Premier Chef religieux ouest africain à établir des contacts avec les organisations islamiques internationales, Ibrahim Niasse a été membre fondateur et vice-président de la ligue Mondiale Islamique basée à la Mecque, membre de l'Académie de Recherches de l'Université d'Al-Azhar et vice-président de la Conférence Mondiale Islamique dont le siège est à Karachi.

 

Plus qu'un érudit et un leader charismatique, Ibrahima Niasse était un homme politique d'envergure.

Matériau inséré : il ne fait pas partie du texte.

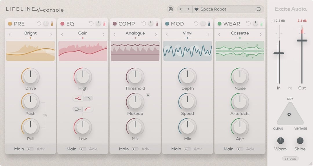 Generally, I like plugins that don’t have strict boundaries, so I like the modular approach that Excite Audio takes with their products. I also like that it’s not a direct emulation because some excellent emulations are available already, and sometimes it’s nice to start with a blank canvas.
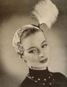 В 1950-е годы среди головных царствовали наиболее женственные. Женщины, уставшие от мужественных и сухих нарядов военных лет, стремились быть хрупкими и изящными. Очень популярны были миниатюрные шляпки и полушляпки, крошечные сумочки и перчатки. Их носили всюду и во все сезоны.
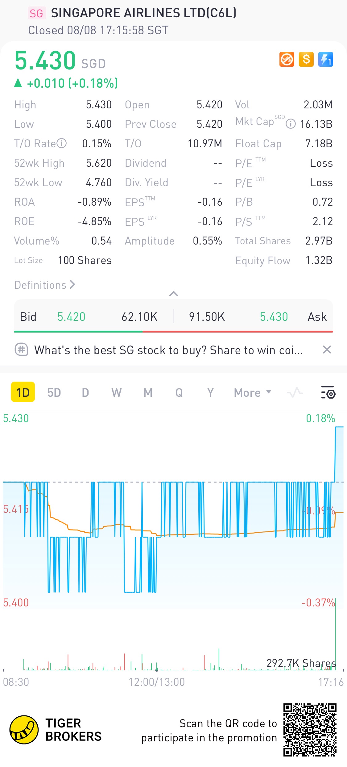 $SINGAPORE AIRLINES LTD(C6L.SI)$up
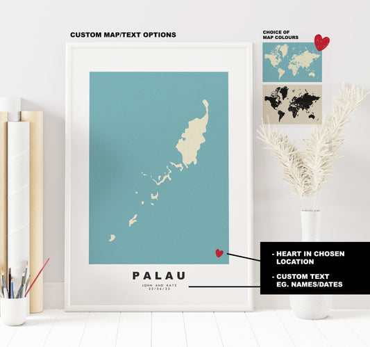 Palau Map Print - Personalised Map Gift - Framed or Canvas Options Available - Custom Text Options - Personalised Gift - Oceania
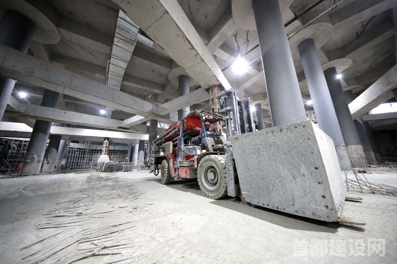二区整体为盖挖逆作法施工,即先在地面施工顶板,再逐层向下挖土,每挖完一层土后,主体结构的梁柱、楼板等随即施工。宋杰表示,二区以关门日期为依据倒排每一天工期,以工作量来制定劳务人员、材料物资、设备物流的组织调配,每一层施工都采取平端方式,“这种方式没有流水段,所有区域同步作业,比如,B2层施工时大约1000人同时作业,加上机械设备和物资供应,场面极为壮观。”宋杰说。
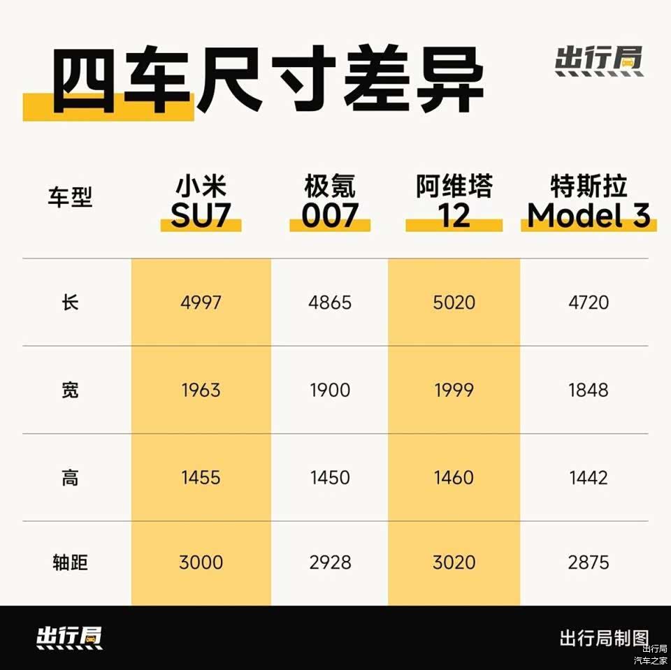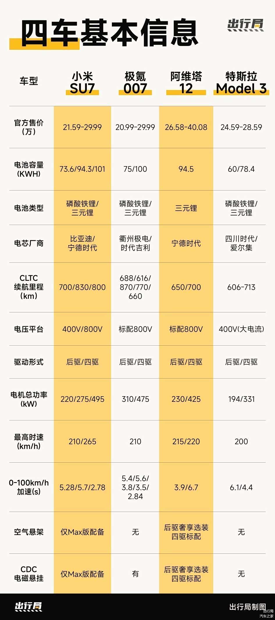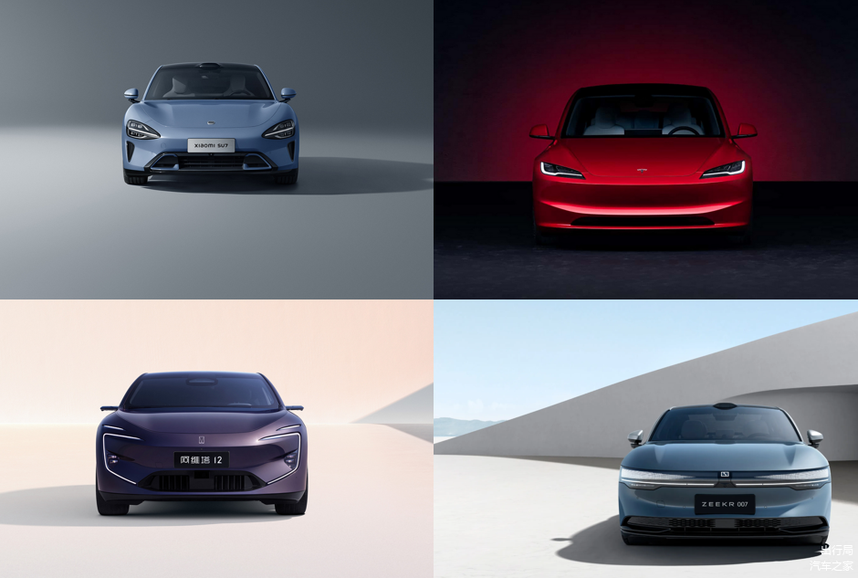 这几款车型除了小米SU7,分别是极氪007、阿维塔12、特斯拉Model 3。
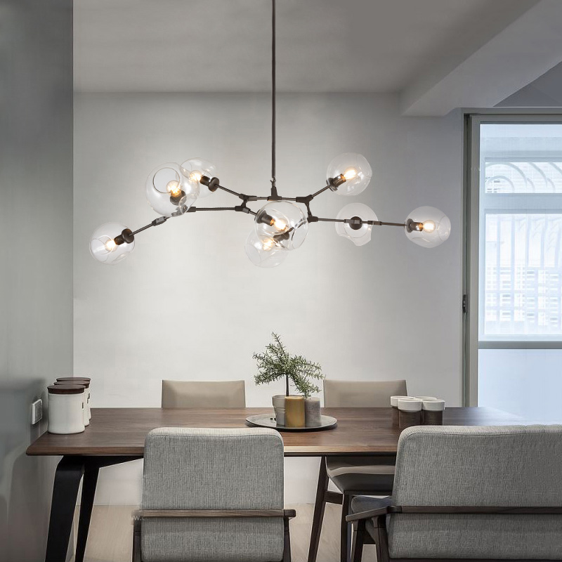 Simply modern classic molecular structure die-casting aluminum LED glass template room Changshang chandelier
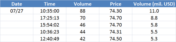 Největší obchody podle objemu na Brent (aktivní future kontrakt)
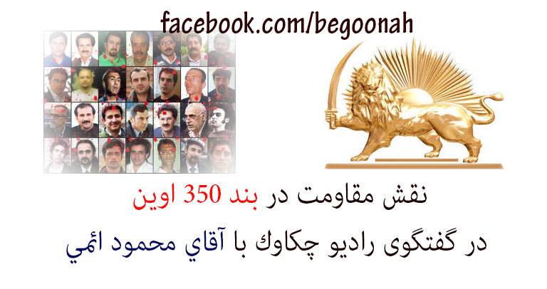 شنبه شب 6 ارديبهشت آقاي محمود ائمي از اعضاي شوراي ملي مقاومت ايران در گفتگو با راديو چكاوك در مورد نقش مقاومت در برابر دژخيمان اوين در جريان سركوب زندانيان بند350 اوين داشتند كه قسمت هايي از آن را از گفتار به نوشتارتبديل در آمده كه با كمي ويراستاري آن را در زير ميخوانيد.
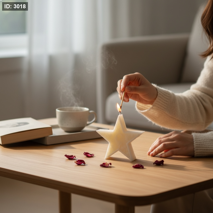 قالب النجمة المتوازن. يتميز هذا القالب بتصميمه العصري ذو الزوايا الحادة والجوانب المصقولة، مما ينتج شمعة أو قطعة ديكور تتناسب مع الأجواء الرمضانية
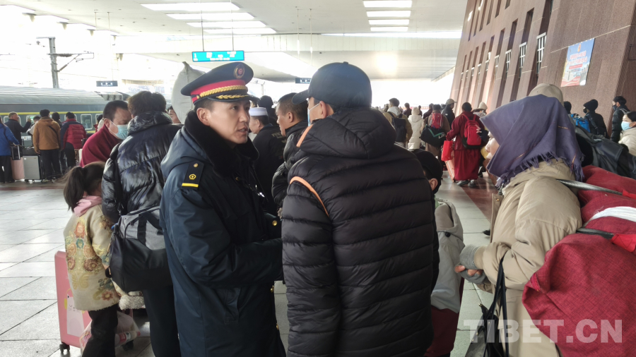 图为春运首日拉萨站为旅客送上祝福
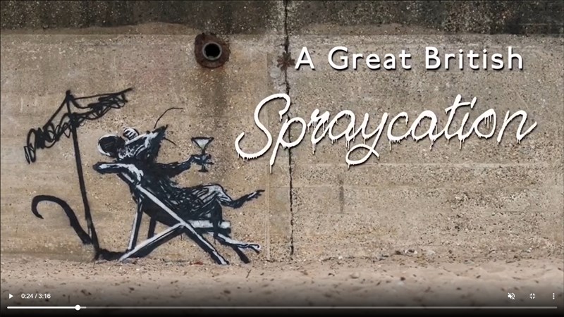 班克西在社群媒體Instagram貼文一段題為「一場偉大的英國噴畫度假」 (A Great British Spraycation)的影片,一向行蹤神秘的班克西開著一輛破舊露營車展開夏日公路旅行,還把噴漆罐存放在冷藏箱中。
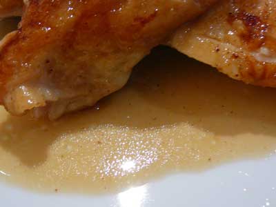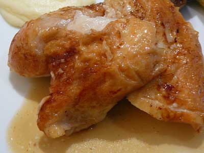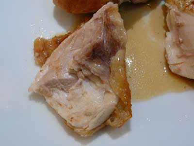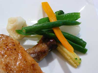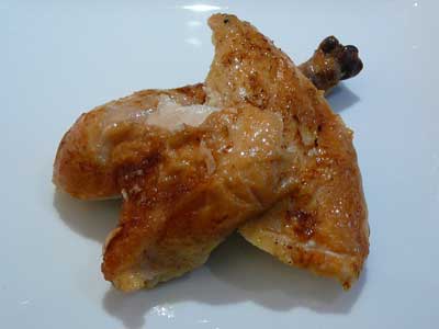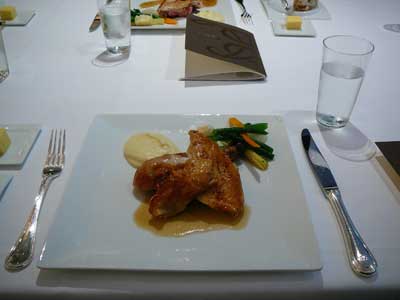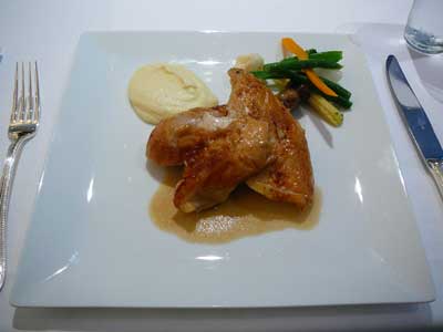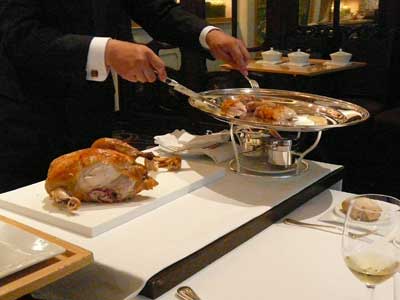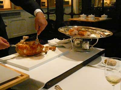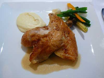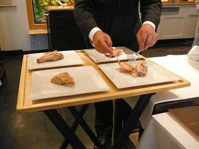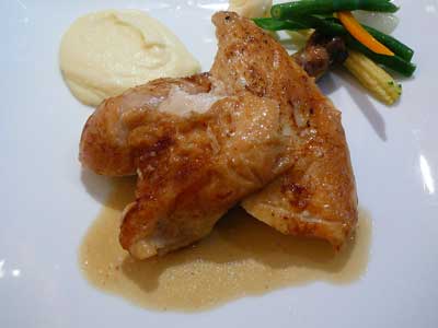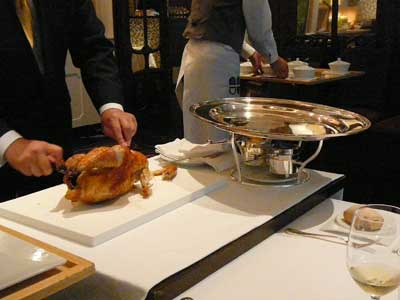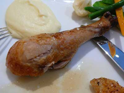 | コース・ポーションの場合は1羽を4人前に切り分けるようです。丁寧にアロゼされているので、表面がカリッとした感じに仕上がっています。 | |
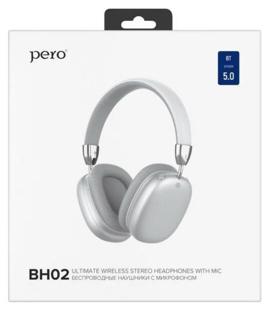 Наушники PERO BH02 ULTIMATE, беспроводные, микрофон, 300мАч, до 12 часов, серебристые

Non seulment, il entretenait des relations étroites avec des leaders africains et arabes dont l'ancien président égyptien Nasser et le premier président du Ghana Kwamé Nkrumah qui, bien que chrétien, passe pour avoir été un de ses disciples, mais il a été dans les années 1950 et 1960, très actif dans l'arène politique africaine en général et nigérienne en particulier.

 

Bibliographie.

Archives du Sénégal 2532/83, Rapport annuel d'ensemble - Cercle du Sine Saloum Kaolack.

Mervyn Hiskett, Development of Islam in West Africa, London-New-York, 353 p., 1984

Ibrahim Ismail, Muhimman wasiku guda uku duga dqa Sheikh Ibrahim Kawlaha (trois lettres importantes de Cheikh Ibrahima Niasse), Kano 1975.

Maigari Muhammad al-Tahir, al -Shaykh Ibrahim Niyâs, Al Singhâli hayâtuhu wa 'ârâuhu wa taclimâtuhu (la vie, les idées et les enseignements de Cheikh Ibrahim Niasse du sénégal), Beyrouth, Dâr Al cArabiyy li a tibaca wa al nashr wa al tawzic, 1979, 253 p.

Paden John Naber, The influence of religious elites on political culture and comminity integration in Kano, Ph.D. thesie (Political Science), Havard Universiy, 1968, 1531 p.

Sources orales:

Entretien avec Cheikh Abdoulaye Niasse (fils et Calife d'Ibrahim Niasse), Kaolack, Août 1986.

Entretien avec Cheikh Hassan Cissé (Imam de la grande Mosquée de Kaolack), Dakar, novembre 1988.